Sekarang, mari kita berfikir. Mari kita analisis bersama, apa yang menyebabkan kita yakin bahwa tidak ada kata ‘tidak sempurna’. Mulai pahami diri kita sendiri. Apa pemikiran yang telah kita kunci selama ini terhadap diri kita. Renungkan kembali, mengapa kita sering gagal dan akhirnya menjebloskan diri ke jurang ‘ketidaksempurnaan’. Apakah kita telah berjuang cukup keras untuk melakukan sesuatu. Seberapa cepat kita menyerah. Jika kita bandingkan dengan manusia-manusia yang kita kenal sempurna, apakah kita telah sama berusaha seperti mereka.

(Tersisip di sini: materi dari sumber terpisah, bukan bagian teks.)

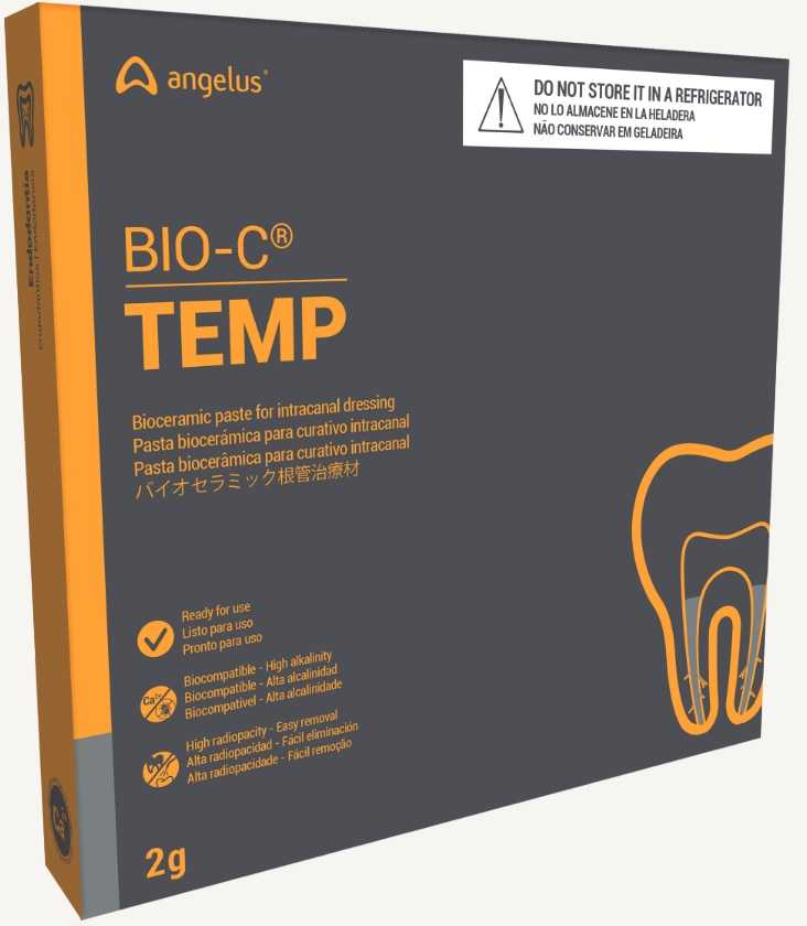 BIO-C ® TEMP is a ready-to-use bioceramic paste for intracanal dressing. Microorganisms and their endotoxins are mainly responsible for the pathogenesis of pulp and periapical infections. Consequently, one of the main objectives of endodontic treatment is to eliminate microorganisms and their endotoxins in the most extensive and effective way possible. The use of mechanical preparation, followed by disinfection with chemical agents, is the method used to succeed in the elimination of microorganisms. However, when the infection is in the acute phase and the treatment cannot be performed in a single session, a delay dressing is used between the sessions and the BIO-C ® TEMP is the material of choice. Until recently the Calcium Hydroxide paste was the only option used in temporary disinfection procedures in endodontic treatment, however, this material has some limitations. It is a material of difficult application and intracanal removal and, as a major disadvantage, has high solubility in water (1.2 gL -1 ) that causes rapid dissolution in the medium, resulting in limited clinical benefits. BIO-C ® TEMP has a great advantage over Calcium Hydroxide pastes because it presents low solubility and thus allows the product to be in contact with the canal walls for a long period of time. As a result, a high release of hydroxyl ions (OH - ) is obtained in a continuous and gradual way with the increase of the pH of the fluid surrounding the application. The increase in pH plays an important role in preventing the proliferation of microorganisms through the processes of protein denaturation and destabilization of the plasma membrane
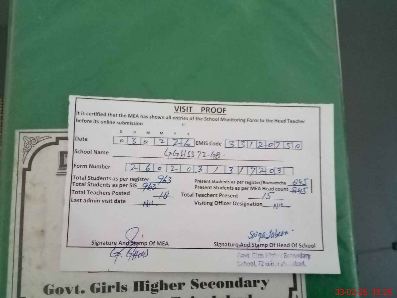 | EMIS Code: 33120750 | Name of School: GGHSS CHAK 72 GB | |||
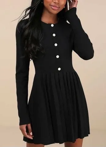 A Lulus black ribbed knit dress with a button front and pleated skirt. Designed with a classic crew... Show more
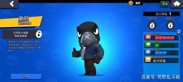 黑鸦在《荒野乱斗》中,是一个全攻击性的英雄,基本没什么防御力,等于那种一碰就死的英雄,而且,血量也特别薄,这是黑鸦致命的缺陷,所以他的妙具和星耀都是为了提升他的防御能力而服务的。
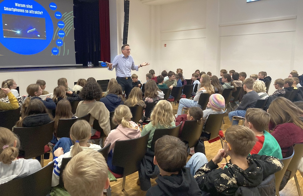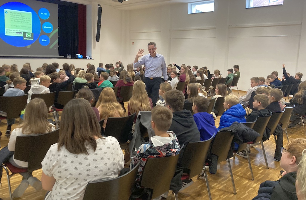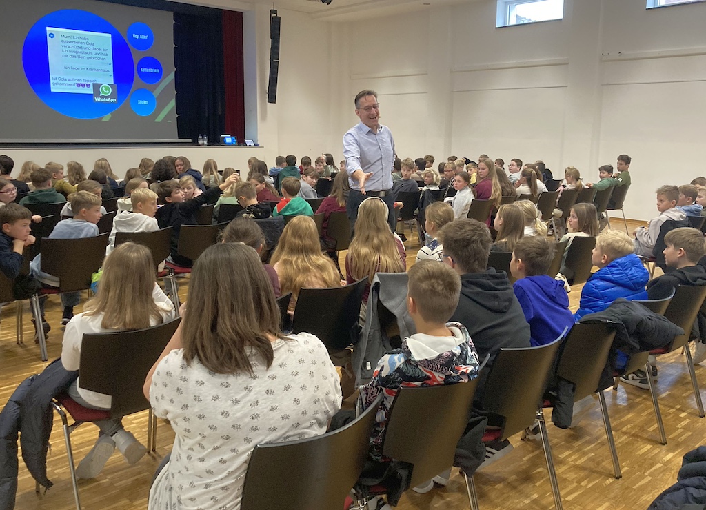 Beim Workshop für die 5. und 6. Klassen ging es darum, dass die teils exzessive Nutzung und der Konsum altersunangemessener Inhalte gerade bei jüngeren Kindern u.a. häufig zu Bewegungsmangel, Cybermobbing und Social-Media-Sucht führt. Im Speziellen ging er dabei näher auf die negativen Folgen der beliebten Klassenchats in WhatsApp ein.
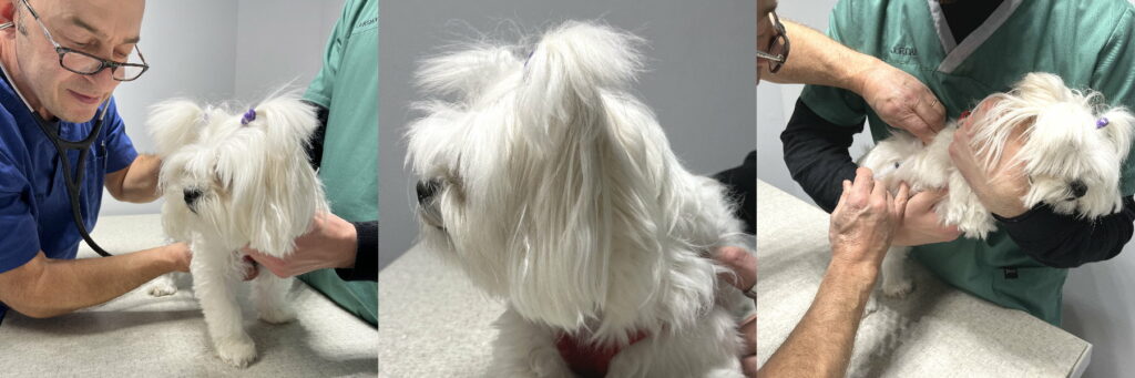 Ce chien femelle Bichon Maltais de 2 ans s’appelle Uzy. Il pèse 4,7 kg. Il était très revendicatif et aboyait abondamment lorsqu’il était à terre dans la salle de consultation. Puis une fois sur la table d’auscultation, on ne peut pas dire que notre demoiselle blanche immaculée était à l’aise. Elle haletait abondamment, ce qui traduisait son stress. Sa maîtresse essayait de la rassurer en lui parlant. Uzy est restée cependant très sage. Le Docteur Lamboy a effectué son travail avec beaucoup de délicatesse ; les vaccins contre la leptospirose et la rage n’ont pas pris trop de temps et n’ont pas semblé la perturber.

Tuhan juga mendukung ayat diatas dengan ayat lainnya bahwa Tuhan tidak akan merubah nasib seseorang sampai dia sendiri yang mau merubahnya. Ada kesempatan untuk menjadi sempurna, seperti yang kita inginkan. Entah itu baik atau buruk. Kemudian, Tuhan tidak akan memberikan cobaan diluar batas kemampuan umatnya. Semua kegagalan yang kita dapatkan telah diperhitungkan dengan tepat oleh Tuhan bahwa kita mampu menghadapinya. Beberapa ayat diatas jika kita amati sekali lagi, nyata benar Tuhan mengatakan bahwa manusia itu sempurna. Tinggal bagaimana kita mencapai kesempurnaan itu. Apakah kita mau atau tidak.